Exercise details
Reprint each record exactly. Pictures are not reprinted.

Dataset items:
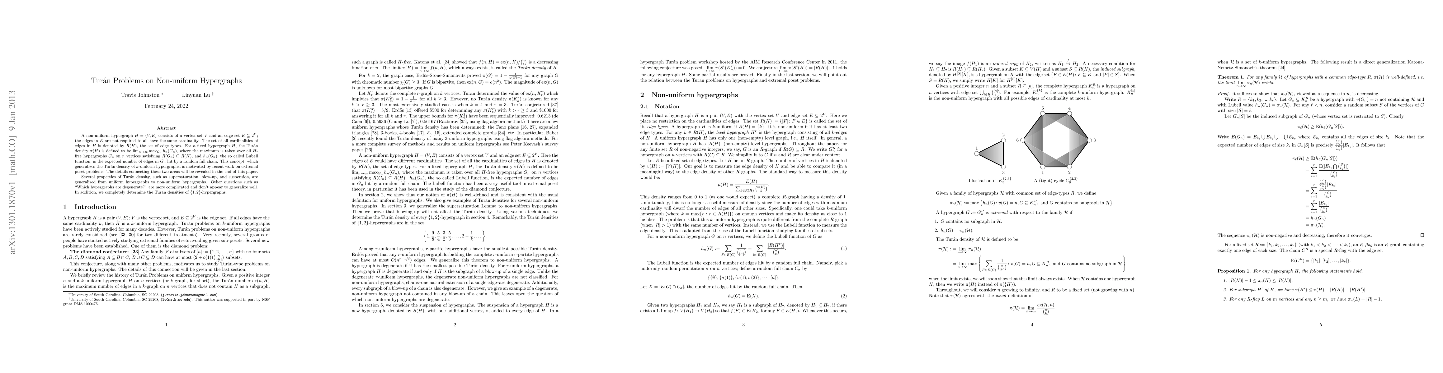 A non-uniform hypergraph $H=(V,E)$ consists of a vertex set $V$ and an edge set $E\subseteq 2^V$; the edges in $E$ are not required to all have the same cardinality. The set of all cardinalities of edges in $H$ is denoted by $R(H)$, the set of edge types. For a fixed hypergraph $H$, the Tur\'an density $\pi(H)$ is defined to be $\lim_{n\to\infty}\max_{G_n}h_n(G_n)$, where the maximum is taken over all $H$-free hypergraphs $G_n$ on $n$ vertices satisfying $R(G_n)\subseteq R(H)$, and $h_n(G_n)$, the so called Lubell function, is the expected number of edges in $G_n$ hit by a random full chain. This concept, which generalizes the Tur\'an density of $k$-uniform hypergraphs, is motivated by recent work on extremal poset problems. The details connecting these two areas will be revealed in the end of this paper. Several properties of Tur\'an density, such as supersaturation, blow-up, and suspension, are generalized from uniform hypergraphs to non-uniform hypergraphs. Other questions such as "Which hypergraphs are degenerate?" are more complicated and don't appear to generalize well. In addition, we completely determine the Tur\'an densities of ${1,2}$-hypergraphs.
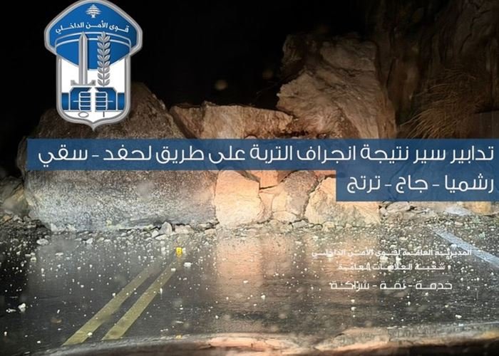 أعلنت المديريّة العامّة لقوى الأمن الداخلي – شعبة العلاقات العامّة، أنّه بتاريخ 13-2-2026، وأدّت غزارة الأمطار إلى انجراف التربة والصخور، ما تسبّب بقطع الطريق العام الذي يربط لحفد – سقي رشميا – جاج – ترتج أمام حركة المرور.
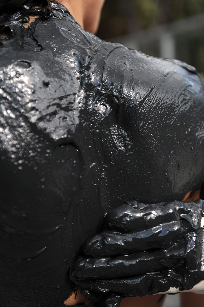 • горячая грязь, при температуре приблизительно 40 градусов
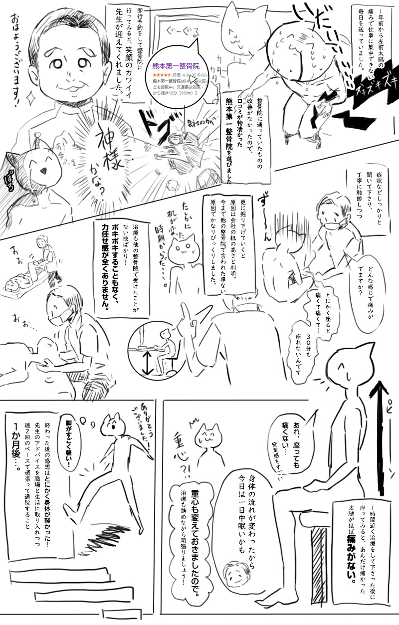 もちろん色んな整骨院にお世話になりましたが、一時的に良くなるものの座ると痛みが出る症状にはあまり改善は見られず。
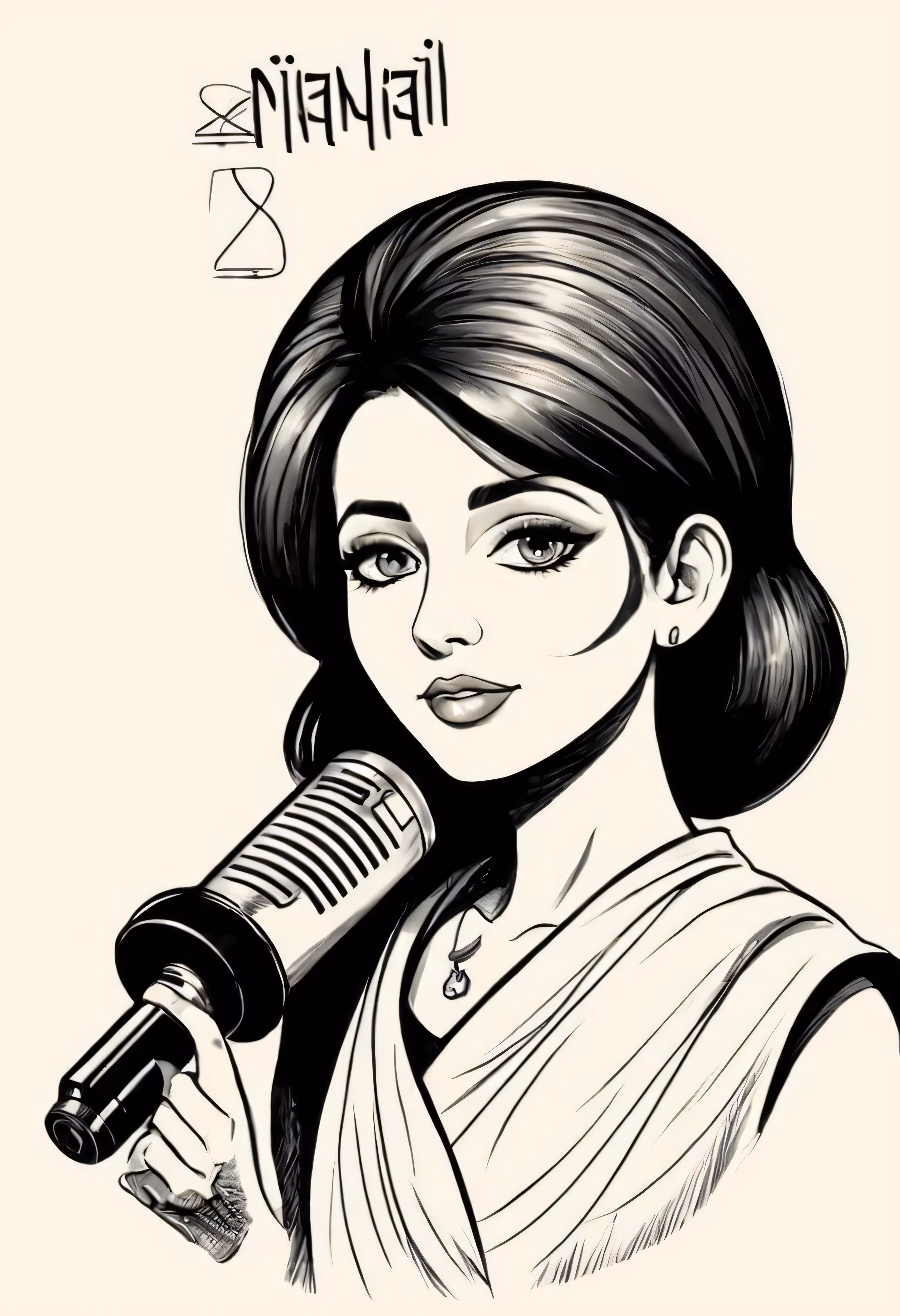 High resolution picture, free to use, a woman holding a microphone while holding it

Result of the task
 A non-uniform hypergraph $H=(V,E)$ consists of a vertex set $V$ and an edge set $E\subseteq 2^V$; the edges in $E$ are not required to all have the same cardinality. The set of all cardinalities of edges in $H$ is denoted by $R(H)$, the set of edge types. For a fixed hypergraph $H$, the Tur\'an density $\pi(H)$ is defined to be $\lim_{n\to\infty}\max_{G_n}h_n(G_n)$, where the maximum is taken over all $H$-free hypergraphs $G_n$ on $n$ vertices satisfying $R(G_n)\subseteq R(H)$, and $h_n(G_n)$, the so called Lubell function, is the expected number of edges in $G_n$ hit by a random full chain. This concept, which generalizes the Tur\'an density of $k$-uniform hypergraphs, is motivated by recent work on extremal poset problems. The details connecting these two areas will be revealed in the end of this paper. Several properties of Tur\'an density, such as supersaturation, blow-up, and suspension, are generalized from uniform hypergraphs to non-uniform hypergraphs. Other questions such as "Which hypergraphs are degenerate?" are more complicated and don't appear to generalize well. In addition, we completely determine the Tur\'an densities of ${1,2}$-hypergraphs.
 أعلنت المديريّة العامّة لقوى الأمن الداخلي – شعبة العلاقات العامّة، أنّه بتاريخ 13-2-2026، وأدّت غزارة الأمطار إلى انجراف التربة والصخور، ما تسبّب بقطع الطريق العام الذي يربط لحفد – سقي رشميا – جاج – ترتج أمام حركة المرور.
 • горячая грязь, при температуре приблизительно 40 градусов
 もちろん色んな整骨院にお世話になりましたが、一時的に良くなるものの座ると痛みが出る症状にはあまり改善は見られず。
 High resolution picture, free to use, a woman holding a microphone while holding it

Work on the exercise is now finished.